僕は大学では非常勤なのだけれど、就職についての相談はよく受けるし、それなりに手伝いもできてきたと思ってる。
やっぱり広告やメディア業界を希望する学生が多く、時には講義をとってない学生が、人伝に聞いて、途中から聴講に来たりもする。
最近だと、最初から「デジタル」に絞り込んでいる学生も多い。内定後もプログラミングの本を抱えていて、聞けば独学で学んでいるというのもいた。
いわゆる「文系学部」にとって、「何かを創り出せる」仕事には他にはない魅力がある。僕も就活ではそんなことを言っていたような気もするし。
だから、メディア・広告の世界に行きたい学生は、できるだけ応援するし「おもしろいよ!」と言っていたんだけど、ここに来てちょっと困ってる。
電通はデジタル不正と過労死の問題が、相次いで起きた。講義ではタイムリーな話題も取り上げるようにしていて、先日はDeNAのWELQの件も話したのだが、何かメディアや広告界隈って「残念な仕事」に見えてしまわないだろうか。
この時は、まだ一部のネットメディアのニュースだったが「こういうのが起きて一番よくないのは、公的規制につながるパターンなんだよ」と言っていたけど、なんか色々と動きが出てきた。

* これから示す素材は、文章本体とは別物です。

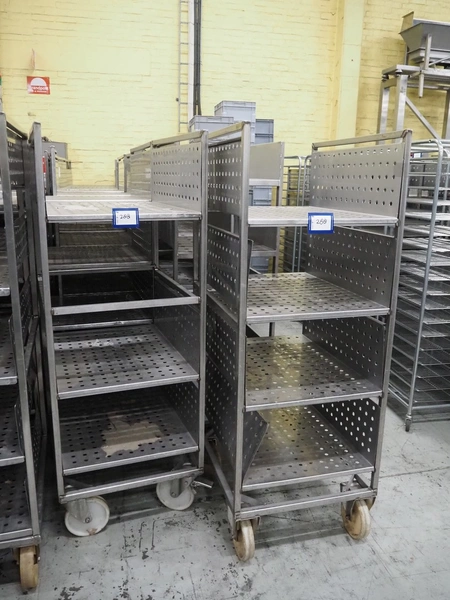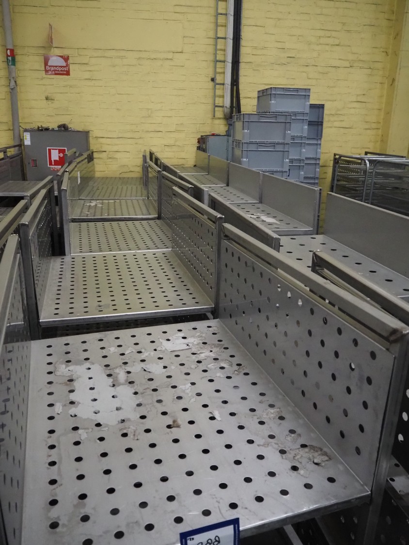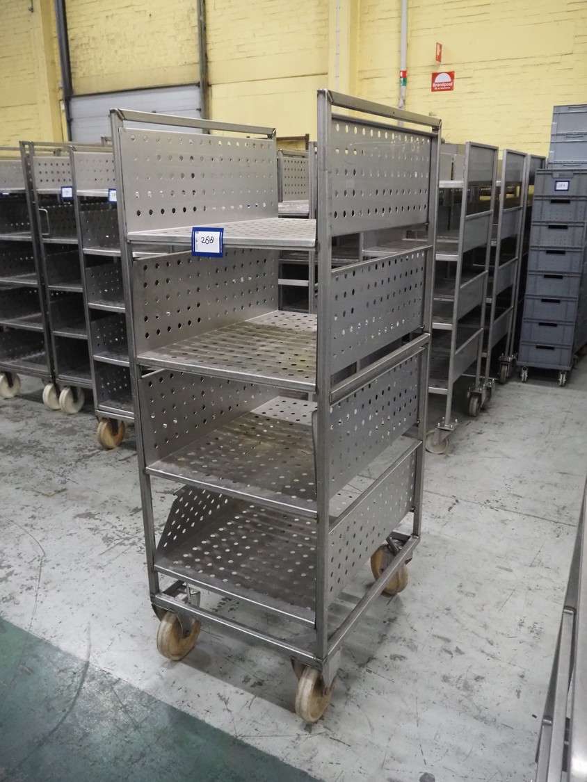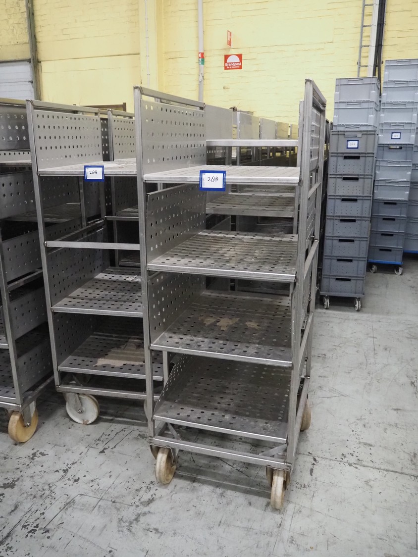 12 s/s trolleys with 4 floors, floor dimensions: 800 mm x 590 mm, total dimensions: (12x) 800 mm x 650 mm x 1580 mm.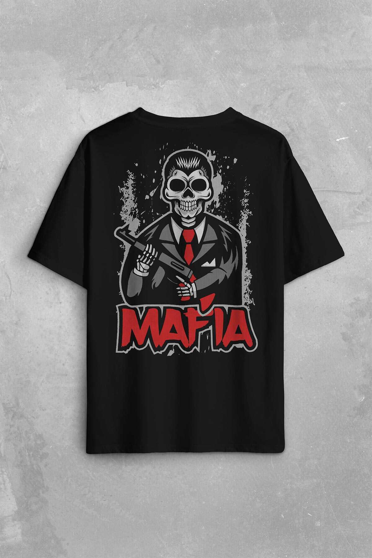 Skull Ganster Mafia Temalı Silahlı Adam Sırt Ön Baskılı Oversize Tişört Unisex T-Shirt

伝統ある大手から、若い企業まで含めていろんなニュースが出てくると「どんな人が集まってるんだ」と思うだろう。
それでも、学生はいろいろと自分で情報を集めて動くし、意外と冷静だ。
その一方で、結構大変なのが家族、ということになる。最近よく聞くと思うけれど、就職先について、親があれこれと意見をいうケースは多い。学生よりもニュースの表面しか見ない上に、自分の方が世の中を知っていると思い込んでいる。
時々、もっと面倒なことがあって「あの会社に大学の同期がいるから聞いてやろう」と言う親もいるのだが、わざわざ連絡するとその同期が「うちは止めておけ」言い出すということもあった。
これは、とある大手メディア関連企業の話だったのだが、僕が相談を受けてちょっと調べると「止めておけ」と言った人は、最近不遇をかこっているらしい。そりゃ、止めさせてたくなるかもしれないが、余計なお世話だ。
この時は、学生に親の説得方法を教えて、どうにかなったけど、まあいろいろとあるのだ。
もっとも不祥事自体は、いろいろな業界で起きるし、上場維持がおぼつかなくなるようなもっとすごいケースもある。
ただ、メディアや広告企業の場合は一度何か起きると、業界関係者があれこれ言い出す。そして、ネット上であることないことが一気に噴出して収拾がつかず、学生が混乱することも多い。
2年前の朝日新聞の事件も、学生に対する新聞全般のイメージダウンにつながっていると感じる。もうすぐ就活も本格化するけど、今年も売り手市場が続くとメディア業界は全体として苦戦するかもしれない。